All the same he tries to close options of his successors on deciding
on the fare component. The freight component has already been taken
out of their purview by the decision of Laloo Yadav to introduce
dynamic freight structure. Freight revision is a round-the-year
non-budgetary process.
Trivedi has now suggested the same for fare revision as well by
proposing to introduce a dynamic structure for FAC – fuel adjustment
component and set up a fare regulatory authority. The authority would
serve two purposes. Primarily it would reemploy retired bureaucrats,
as wisdom is supposed to lie only with them, and secondarily the fare
management would be decided irrationally as is done by all other
regulatory authorities be it in the area of electricity or insurance.
The political head of the ministry effectively would be subservient to
the bureaucracy. It exemplifies the lack of political wisdom of the
present rulers.
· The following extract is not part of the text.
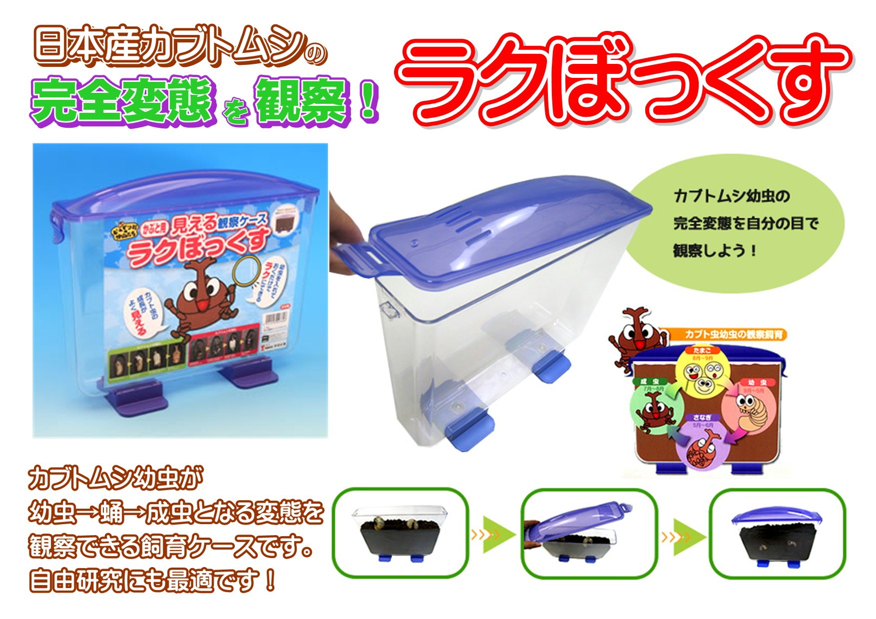 見える観察ケース ラクぼっくすでカブトムシ幼虫の蛹化 羽化の観察を

Europe and the US are having severe financial problems
as their economies were mismanaged by the bureaucrats and the
politicians, under IMF-World Bank mandate, decided to hand over their
powers to the officials.
The railway budget is a testimony of implanting those follies here. If
the west has failed on this score, it is difficult to fathom how India
could succeed. Trinamool Congress supremo Mamata Banerjee has rightly
decided to sack the railway minister and called for redo of the
railway budget.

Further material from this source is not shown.